The segment entropy box plots (ﬁgure 4) displayed an evident dichotomy. The similar distributions

of the King James and New International translations strongly indicate that their entropies are

statistically comparable despite great variety in writing style. Whilst the distributions of the Neo-

Quenya and Latin segment entropies were both lower than the English distributions, their box plots

were statistically dissimilar. The median for the Latin translation lay outside the 95% conﬁdence

interval of the Neo-Quenya median and vice versa. The Neo-Quenya and the Latin may be dissimilar

due to the fact that they are diﬀerent languages, or it may be because Latin is a natural language,

and Neo-Quenya is constructed. Comparisons with a greater variety of translations would be required

to support or negate either conclusion.

As has been observed above, the Zipf-Mandelbrot comparisons after the removal of the two most

common words displayed a clear dichotomy between the English and the non-English New Testament

translations (ﬁgure 3). The Zipf-Mandelbrot distributions for the non-English translations started

lower, but ended higher than the English. This was reﬂected in the diﬀerences between the total

number of words and the number of unique words in each section [appendix B]. For each section, the

English translations had by far the higher word count [appendix B, table 5], but when the number

of unique words was tabulated [appendix B, table 6], it was found that they had fewer unique words

than the non-English translations. Hence, this leads to higher frequencies in the more common words

and a steep drop-oﬀ as the word rank is increased.
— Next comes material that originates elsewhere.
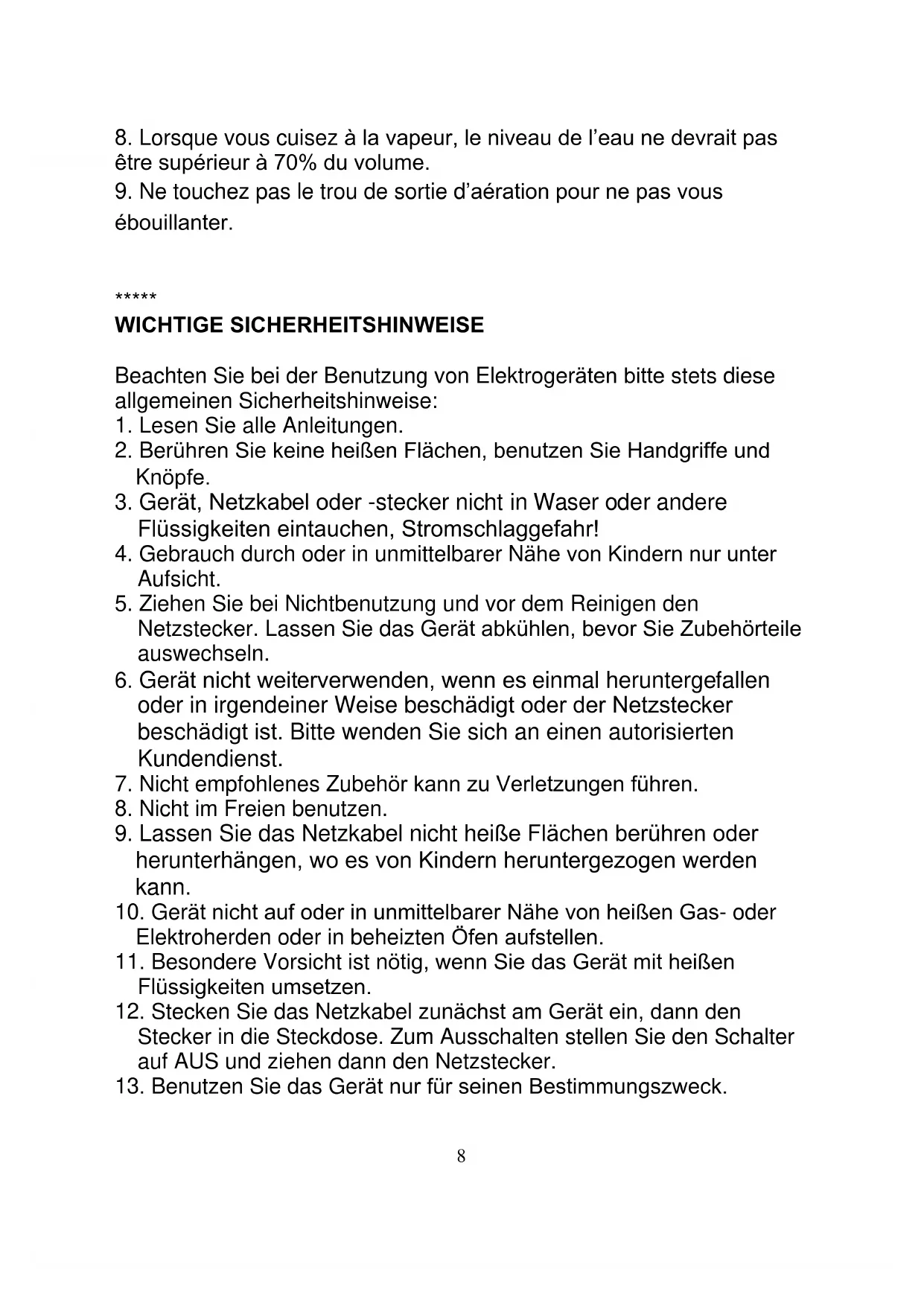 WICHTIGE SICHERHEITSHINWEISE Beachten Sie bei der Benutzung von Elektrogeräten bitte stets diese allgemeinen Sicherheitshinweise:

The most obvious explanation for this is inﬂection.

Inﬂection in language is essentially a categorisation of grammar structure and the importance of

word order. English, as a weakly inﬂected language, is heavily dependent on word order, articles,

prepositions, pronouns and auxiliary verbs in order to correctly convey the information in a sentence.

On the other hand, heavily inﬂected languages (such as Quenya and Latin), usually indicate this

information by changing noun and verb endings. In an extreme example:

English: The dog gives a dog to a dog.

Latin: canis canem cani dat.

Here, the diﬀerent endings to ‘canis’ (dog) indicate which dog it is. The ‘-is’ ending denotes the dog

doing the action, the ‘-em’ ending denotes the dog having the action done to it, and the ‘-i’ ending

denotes the dog having something given to it. A similar thing occurs with verb person, number, mood,

tense and aspect. Consequently, inﬂected languages use fewer words of a greater variety to convey the

same information.

It is also worth noting that, as demonstrated by the entropy table (ﬁgure 3) and box plot (ﬁgure

4), heavily inﬂected languages appear to have lower Shannon entropies than weakly inﬂected ones.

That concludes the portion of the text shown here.